The Department of Labor’s controversial proposed rule redefining who counts as a fiduciary under the Employee Retirement Income Security Act covers far more services and customer interactions than is necessary, Northern Trust SVP Gerald Cleary said in testimony before DoL today. “If adopted in its current form, the proposal will make it extremely difficult, complex, and costly for banks to deliver the investment-related products, services and information necessary to achieve a financially sound retirement,” he said. “This will likely harm the very retirement investors the Department is seeking to protect.”

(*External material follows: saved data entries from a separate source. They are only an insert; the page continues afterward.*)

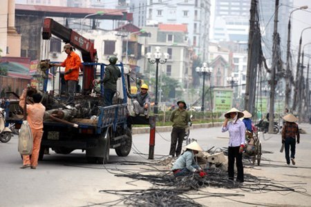 đi đến đường Trung Hòa, thấy công nhân đang dỡ đường dây điện và hạ cột xuống,
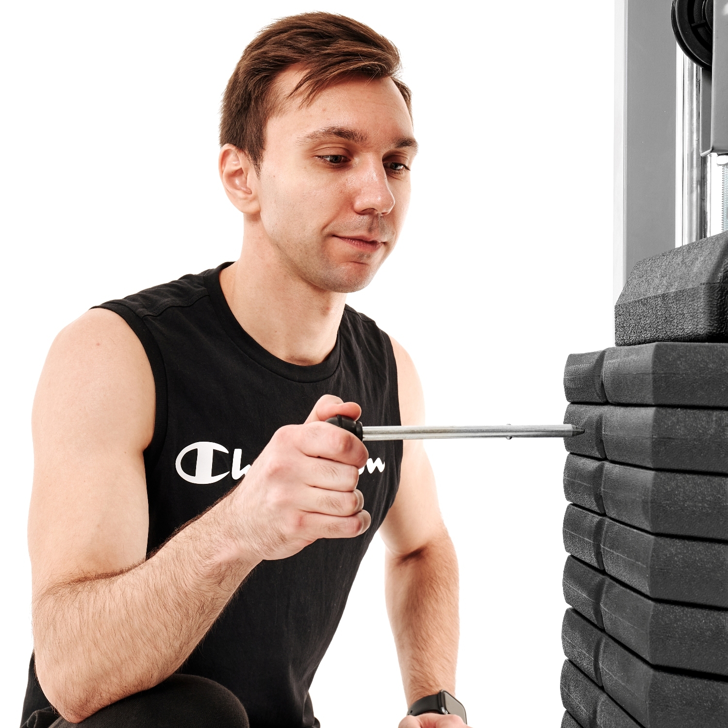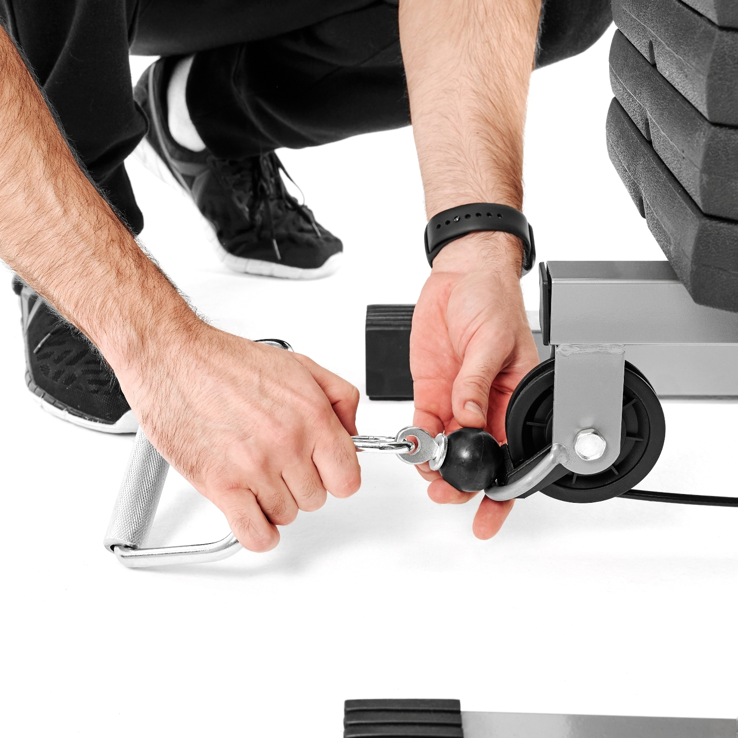 Ручка, регулируемая по высоте, входит в комплект кроссовера. С её помощью вы сможете более точечно прокачать мышцы бицепса или трицепса.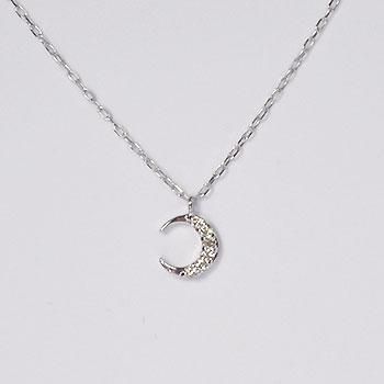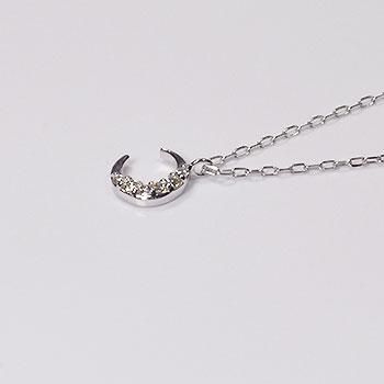 K10WG・ダイヤモンド0.03ct ムーンパヴェペンダント(ネックレス)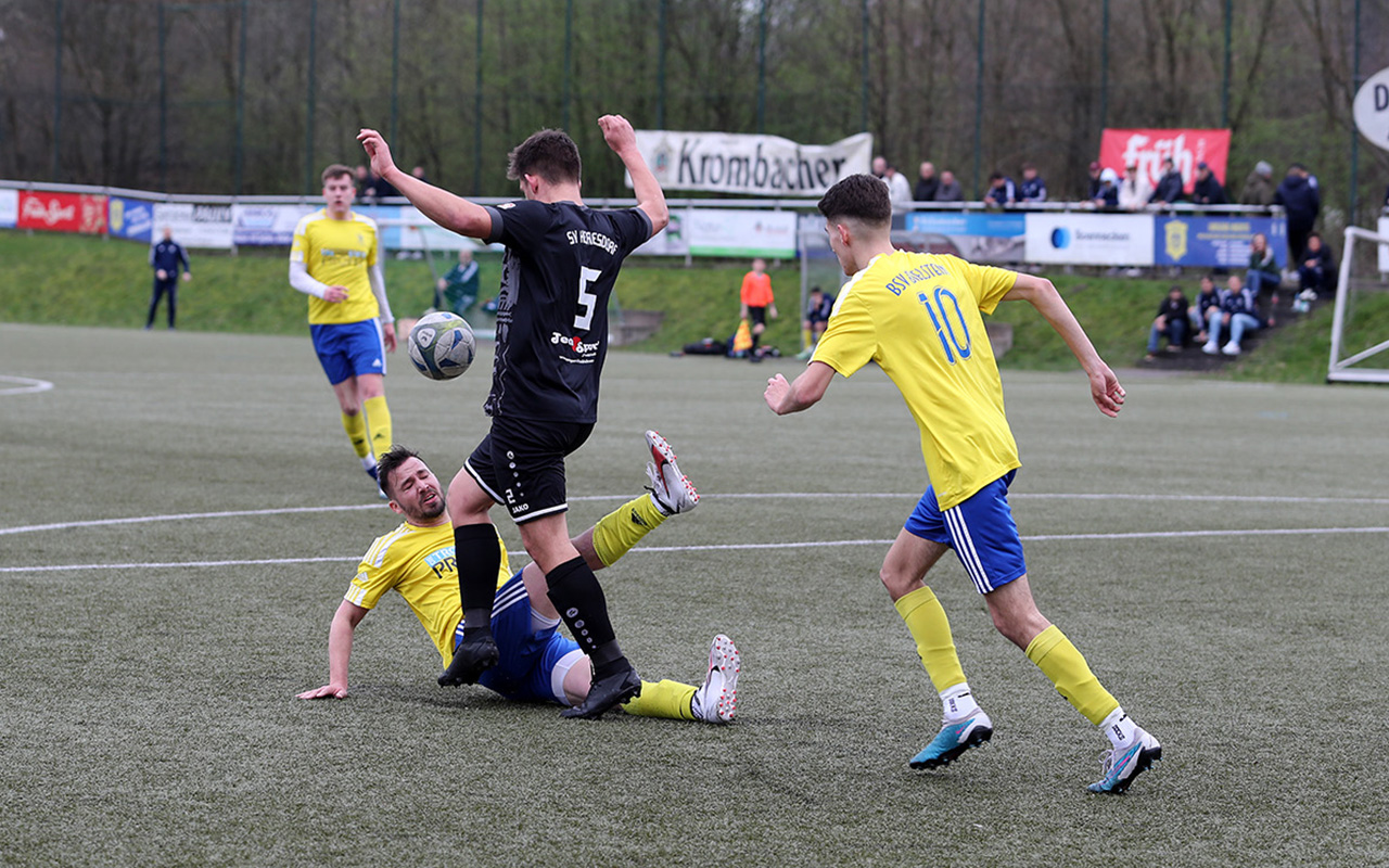 Im Verfolgerduell zwischen dem Tabellenfünften und dem Zweiten setzte sich Derschlag knapp durch. „Es war ein ausgeglichenes Spiel, in dem ein Punkt für uns verdient gewesen wäre“ ärgerte sich BV-Trainer Malte Klein. Sein Team machte es gegen die spielstarken Gäste tatsächlich lange Zeit gut, in der Schlussphase merkte man den Hausherren aber deutlich an, dass die Kraft ausging. Derschlag nutzte die Schwächephase und zog auf 3:1 davon, sodass der später Anschlusstreffer ohne Wirkung blieb. Matchwinner war Gabriel Werner, der alle Treffer der Borussia besorgte. „Am Ende wurde es zwar nochmal ein bisschen turbulent, aber aufgrund der zweiten Halbzeit geht der Sieg auf jeden Fall in Ordnung“, resümierte Derschlags sportlicher Leiter Bastian Metz die Partie.

Central to the proposal’s problems is its overbroad definition of investment advice, Cleary said. The rule could be interpreted to cover “virtually any and every investment-related conversation with a participant, beneficiary, plan fiduciary or IRA owner,” he noted—which would in turn stifle conversations with customers due to the strict ERISA requirements for fiduciaries. “By promoting awkward and truncated investment discussions, the proposal is also likely to reduce customers’ trust in their retirement providers’ ability to respond to their investment needs and objectives,” he said.

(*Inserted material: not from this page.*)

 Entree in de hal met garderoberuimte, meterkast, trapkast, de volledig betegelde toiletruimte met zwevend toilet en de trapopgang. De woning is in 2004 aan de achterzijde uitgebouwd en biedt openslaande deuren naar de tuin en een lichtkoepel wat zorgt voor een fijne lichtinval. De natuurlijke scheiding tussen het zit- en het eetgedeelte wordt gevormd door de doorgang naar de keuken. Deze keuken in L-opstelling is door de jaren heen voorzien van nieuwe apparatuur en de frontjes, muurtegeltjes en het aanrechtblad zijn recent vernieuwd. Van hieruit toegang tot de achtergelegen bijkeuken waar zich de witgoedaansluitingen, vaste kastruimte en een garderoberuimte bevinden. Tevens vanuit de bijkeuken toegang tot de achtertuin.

Cleary, who joined dozens of other witnesses over four days of testimony, also noted that the proposal appears designed for retail investors and yet captures interactions between bank custodians and their sophisticated institutional investor customers, who do not expect their banks to act as ERISA fiduciaries. He also expressed concern about the possibility that the rule’s definition of investment advice might include periodic account statements.